= What to work on =
Omit the pictures and output exactly the lines from the start of the entries through the line containing "伊豆高原駅から車で10分のと".

Start of Available records

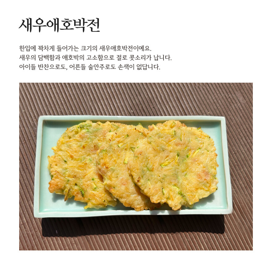 새우의 담백함과 애호박의 고소함이 느껴지는 새우애호박전입니다.
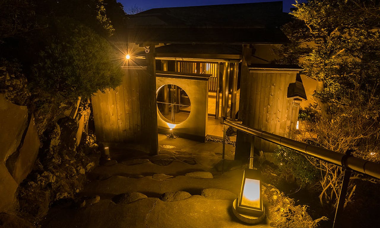 伊豆高原駅から車で10分のところに建つ「絶景の癒しの湯宿 茄子のはな」は、全室露天風呂完備。湯舟からは海と伊豆七島を眼下に望め、夕食は伊豆の三大味覚と言われる「伊勢海老・金目鯛・静岡産ブランドあしたか牛」を使用した和会席が楽しめます。オプションプランとして選べるアロマエステは、女性客から大人気。
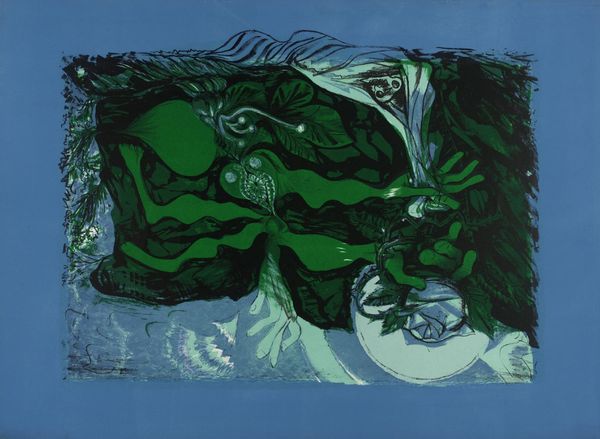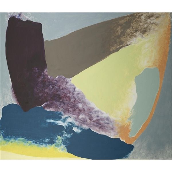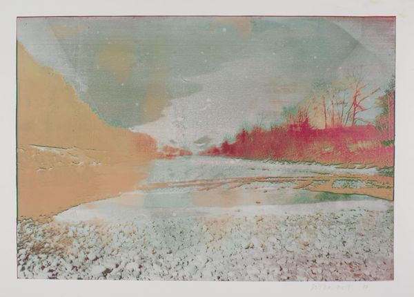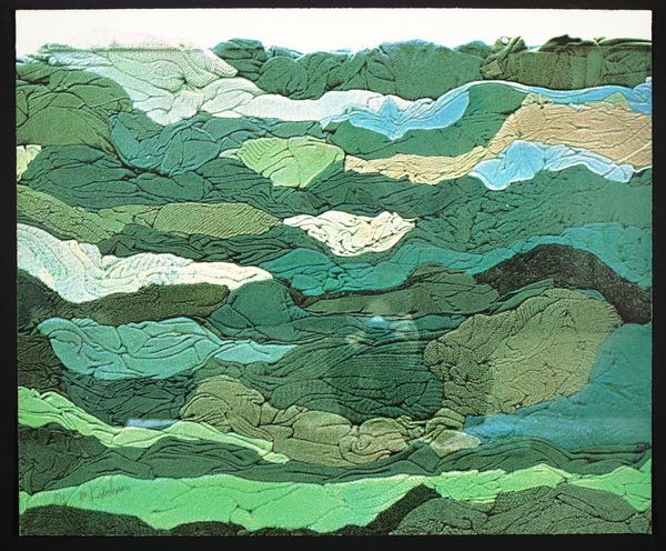 Howardena Pindell's "Peter Squares Waterfall Johnson Vermont TP 5" presents a landscape rendered in muted blues, greens, and creams, creating a serene yet subtly unsettling visual experience. The composition is structured by layers of abstracted forms which suggest land, sky, and water. Pindell's approach destabilizes traditional landscape painting. The conventional depth and perspective are flattened, inviting us to question our orientation within the scene. The interplay between representation and abstraction creates a semiotic tension. Do we read the artwork as a landscape? Or as an exploration into form, texture, and color? The lack of clear focal points challenges our expectations, pushing us to engage with the artwork on multiple levels. Notice how the delicate balance of tones gives the artwork a transient quality, like a memory fading or a landscape obscured by mist. This functions aesthetically but also speaks to broader philosophical concerns about perception and representation. Ultimately, the artwork is less about depicting a specific place, and more about how we perceive and interpret the world around us.
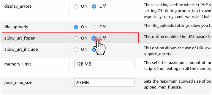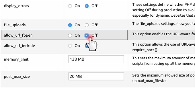Using the Hepsia Control Panel, you can disable URL-aware fopen wrappers with a click from the php.ini file area of the PHP configuration section:
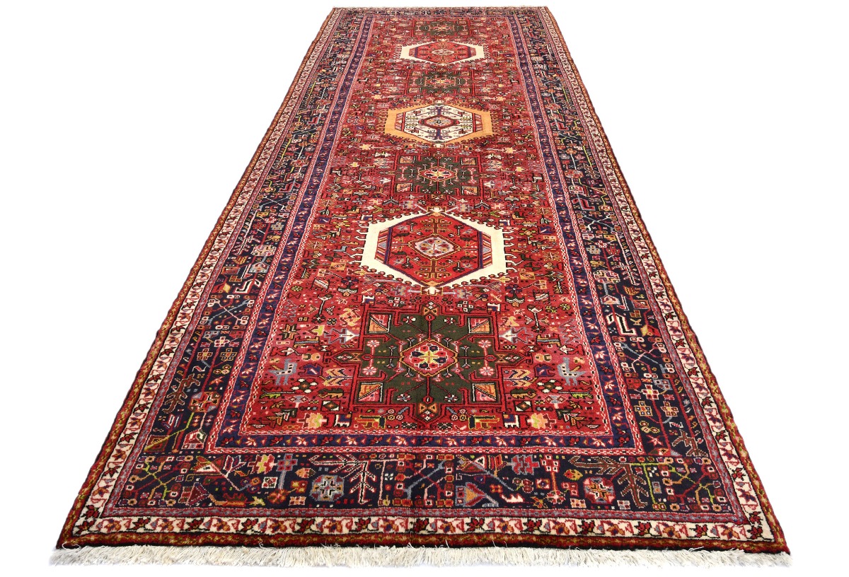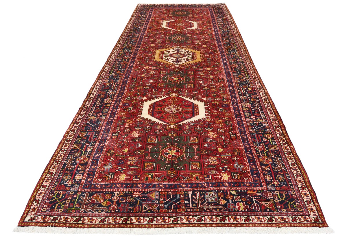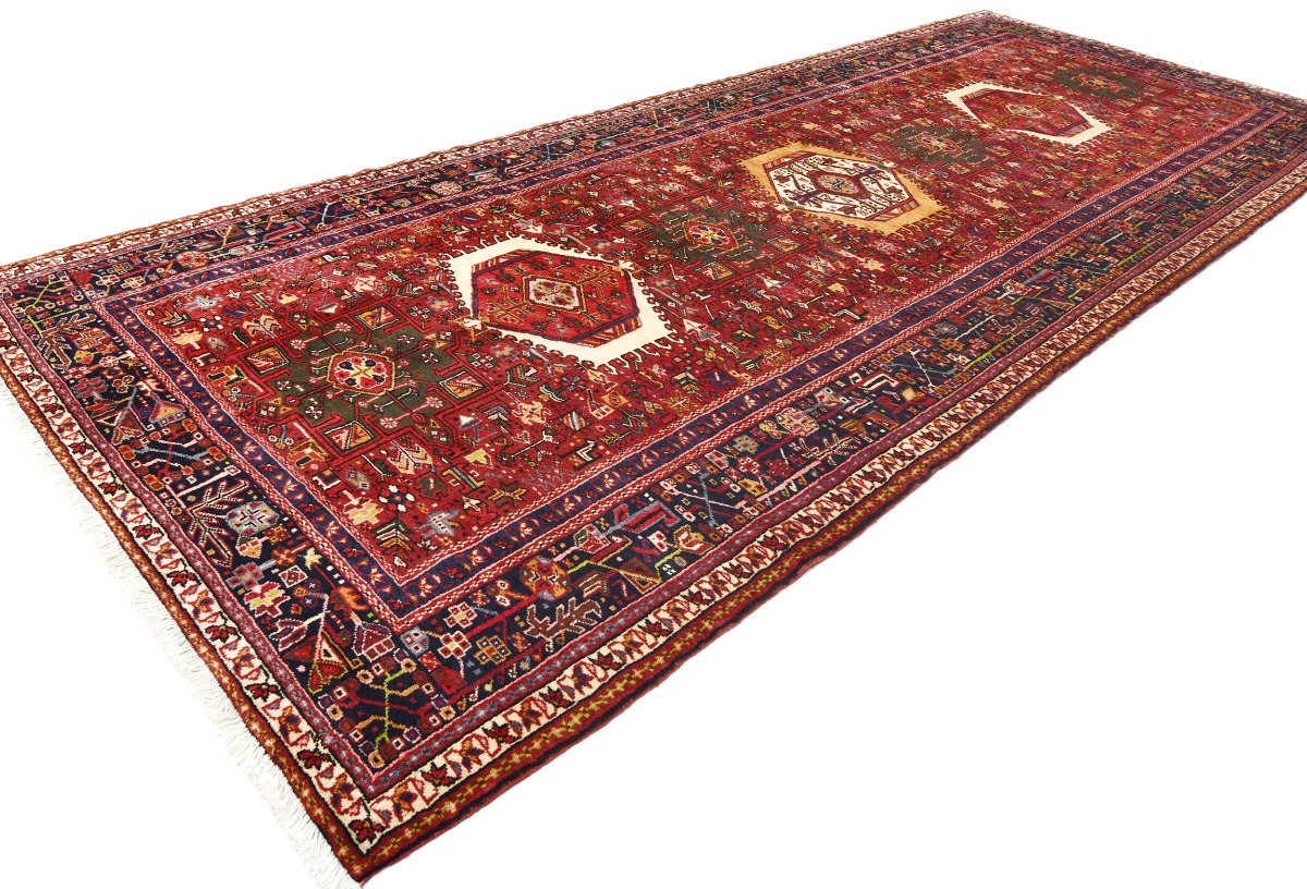 Handmade vintage 5X13 red Persian runner made with vegetable dyes (fine wool pile and cotton foundation), superior knot count, and alluring ancient designs. This Oriental runner never will go out of style and would be among your most valuable treasures.

End of Available records

= Task response =
 새우의 담백함과 애호박의 고소함이 느껴지는 새우애호박전입니다.
 伊豆高原駅から車で10分のところに建つ「絶景の癒しの湯宿 茄子のはな」は、全室露天風呂完備。湯舟からは海と伊豆七島を眼下に望め、夕食は伊豆の三大味覚と言われる「伊勢海老・金目鯛・静岡産ブランドあしたか牛」を使用した和会席が楽しめます。オプションプランとして選べるアロマエステは、女性客から大人気。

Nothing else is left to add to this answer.